▶ _TASK INSTRUCTIONS_
Nothing but the lines from the first line of the records through the line with "masyarakat lingkungan Bedeng" should be output, exactly as written and free of pictures.

*** RECORD SET Section Begins ***

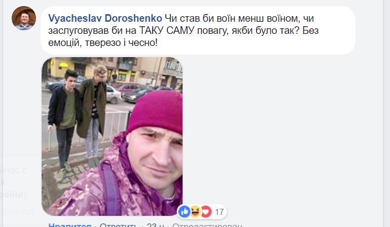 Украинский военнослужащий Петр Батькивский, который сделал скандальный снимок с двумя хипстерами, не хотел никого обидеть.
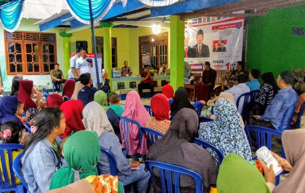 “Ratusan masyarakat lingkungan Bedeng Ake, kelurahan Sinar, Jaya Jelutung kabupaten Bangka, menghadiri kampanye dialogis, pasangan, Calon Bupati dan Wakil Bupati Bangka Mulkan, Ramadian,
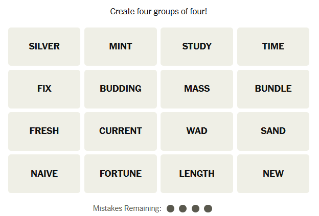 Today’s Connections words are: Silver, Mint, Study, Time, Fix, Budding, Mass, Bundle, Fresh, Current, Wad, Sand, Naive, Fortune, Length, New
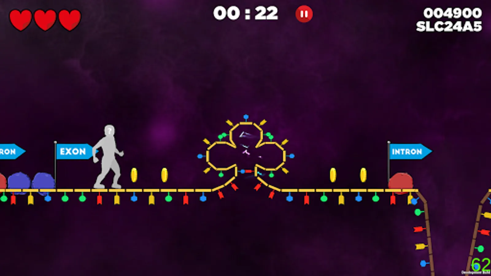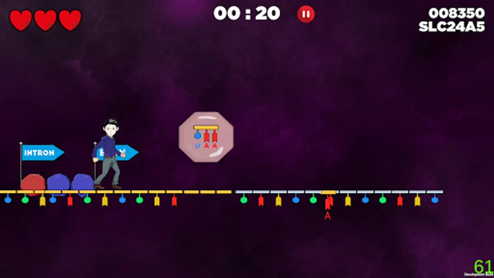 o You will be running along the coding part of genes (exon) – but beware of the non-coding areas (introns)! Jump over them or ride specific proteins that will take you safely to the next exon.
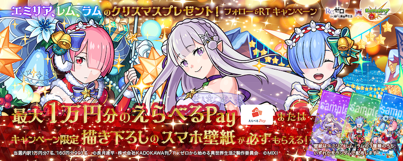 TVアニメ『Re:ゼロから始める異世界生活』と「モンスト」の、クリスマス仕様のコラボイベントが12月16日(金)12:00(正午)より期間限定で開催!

*** RECORD SET Section Ends ***

▶ _WRITTEN ANSWER_
 Украинский военнослужащий Петр Батькивский, который сделал скандальный снимок с двумя хипстерами, не хотел никого обидеть.
 “Ratusan masyarakat lingkungan Bedeng Ake, kelurahan Sinar, Jaya Jelutung kabupaten Bangka, menghadiri kampanye dialogis, pasangan, Calon Bupati dan Wakil Bupati Bangka Mulkan, Ramadian,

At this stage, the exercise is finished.